Вечером у Степана побывали Вихров-Сухорукий с Пашкой Лалетиным.
Пашка Лалетин за все время, покуда был в избе, глаз не сводил с Шумейки. Разговорился, в расспрос ударился, да Степан незаметно одернул его. Вихров, наоборот, ни разу не взглянул на Шумейку, будто ее и в избе не было.
Поговорив о новом назначении Степана, шли вместе, оставив свиток махорочного дыма. И сразу же, словно сороки-белобоки, в избу с двора поналетели бабы с ахами, охами, судами да пересудами. Шумейка отсиживалась в горенке, как медведица в берлоге, обложенная охотниками.
– Вот уж не повезло Агнии!..
– Горемычная головушка! То Демид мутил ей голову, то Степан…
– Так уж повелось, Романовна. Столкнулся в проулке – вот те и сошлись… до первой оглядки.
– Ни сыт, ни голоден.
– Воля портит – неволье учит.
– Лизка-то Ковшова разошлась с Ветлужниковым.
– Нноо?
– Ей-бо!
– Хворостылевы вечор передрались.
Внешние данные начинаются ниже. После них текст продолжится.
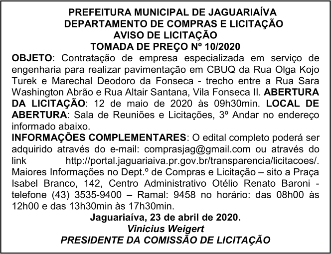 Aviso de Licitação Tomada de Preço Nº 10/2020
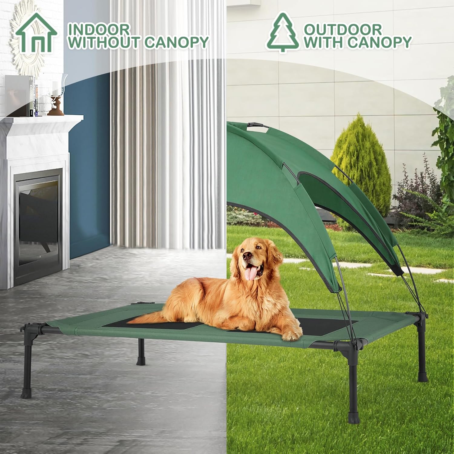 MoNiBloom Medium Elevated Dog Cot with Canopy, 2-in-1 Indoor/Outdoor All-Weather Raised Dog Bed for Medium/Small Dog, Portable Dog Bed Tent Support Up to 60 lbs, Foliage Green

Из-за Груньки-срамницы.
– И, бабоньки!..
И почему-то все захохотали. Заговорили все враз, не разобрать, кто о чем.
– Осподи, сколько я намыкалась с самим-то, а тут и сынок попер в его кость! Ить, кобелина треклятый, всю жисть рыскает, что волк. От него и Степка набрался.
– Не велика беда, коль влезла коза в ворота. Можно и от ворот указать поворот.
– Она-то где?
– Хоть бы посмотреть, что за птица.
– В горнице отсиживается, чтобы ей там околеть!..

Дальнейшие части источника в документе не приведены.